Implementing the Research data infrastructure vocabulary

Repository directors, RDM service leads, and CRIS administrators integrating institutional repositories with trusted external repositories and federated infrastructure.

When to apply When choosing or certifying a data repository, when wiring deposit handoffs between an institutional CRIS and disciplinary repositories, or when surfacing EOSC- or FAIR-aligned trust signals on a public dataset record.

Before you start

Prerequisites

What needs to be in place before you operationalise Research data infrastructure terminology in your CRIS or repository.

  • An institutional repository (DSpace, EPrints, Dataverse, Invenio) or a CRIS with a repository-tools layer
  • A clear separation between institutional-of-record storage and disciplinary repositories (avoid duplicate-master records)
  • Familiarity with CoreTrustSeal, nestor, ISO 16363, or comparable trust frameworks
  • A data classification scheme (open, restricted, controlled, embargoed) that aligns with your access-control layer
  • Knowledge of which disciplinary repositories your researchers actually use (GenBank, PDB, GEO, ICPSR, UK Data Service, etc.)

Deployment

Five steps to deploy

Each step is small enough to land in a single sprint or a single sitting with the relevant CRIS administrator. Follow in order.

  1. Define your repository-of-record policy

    For every domain your researchers publish in, document which external repository is canonical (e.g. genomics → GenBank, social sciences → UK Data Service or ICPSR). The institutional repository carries the metadata record and a link, not duplicate primary files.

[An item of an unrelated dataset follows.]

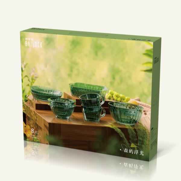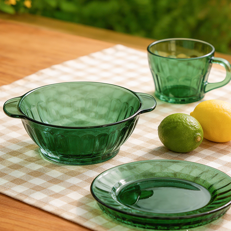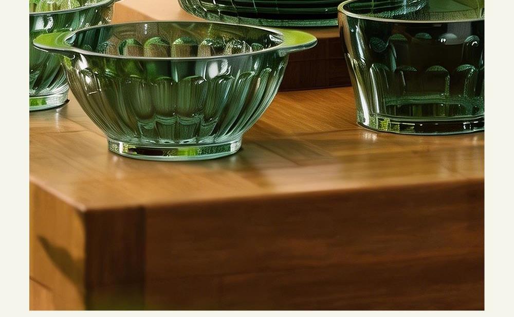 材 质:高硼色料玻璃 产品参数:小碗*2、杯子*2、盘子*2、大碗*1、烤盘*1 产品卖点:1.它是原色玻璃:不是表面涂层,杜绝铅镉等重金属析出。 2.它是高硼硅材质:能从冰箱直接进烤箱,不炸裂,不娇气。 3.它是顶配厚度:竖纹肌理,重工加厚,手感无与伦比。 只服务懂行、追求极 致生活品质的客户。礼盒发售中,详情私信。

  2. Capture trust-framework status as structured metadata

    On each repository record, store coretrustseal_certified (boolean + date), nestor_seal status, ISO 16363 audit date, and an EOSC-EOSC_Future trust-tier value. These drive funder-mandate compliance reporting.

  3. Wire deposit handoffs

    For each canonical external repository, set up a deposit-or-link workflow: structured forms, SWORD or REST API push where supported (Dataverse, Zenodo, Figshare, DataCite), or a documented manual hand-off with a tracked link.

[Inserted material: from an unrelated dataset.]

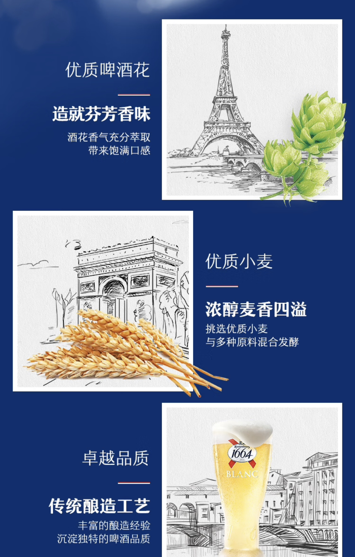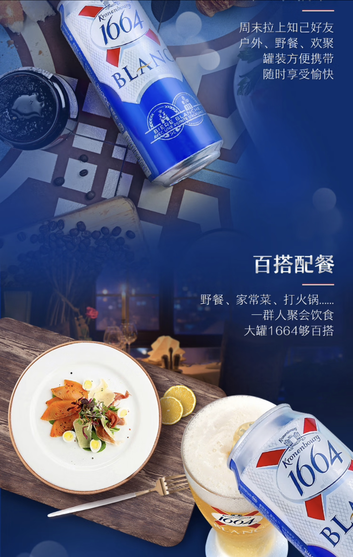 kronenbourg 1664白 啤酒500ml*12听 整箱装(新老包装随机发货)

  4. Surface access-control state on every record

    Distinguish open, controlled, embargoed, and restricted at the record level. Controlled-access records need a documented access-request mechanism and an audit trail; institutional repositories often lack this and must integrate with a data-access-committee tool.

  5. Cross-walk with the federated layer

    Register the institutional repository with OpenAIRE, DataCite, and the relevant national aggregator (UK SHERPA, NL NARCIS, US Data.gov-adjacent). Confirm record schema validates upstream — most failures here are missing license or missing related-identifier fields.

Worked example

Sample workflow

A realistic walk-through of a single record passing through the Research data infrastructure pipeline once the checklist is in production.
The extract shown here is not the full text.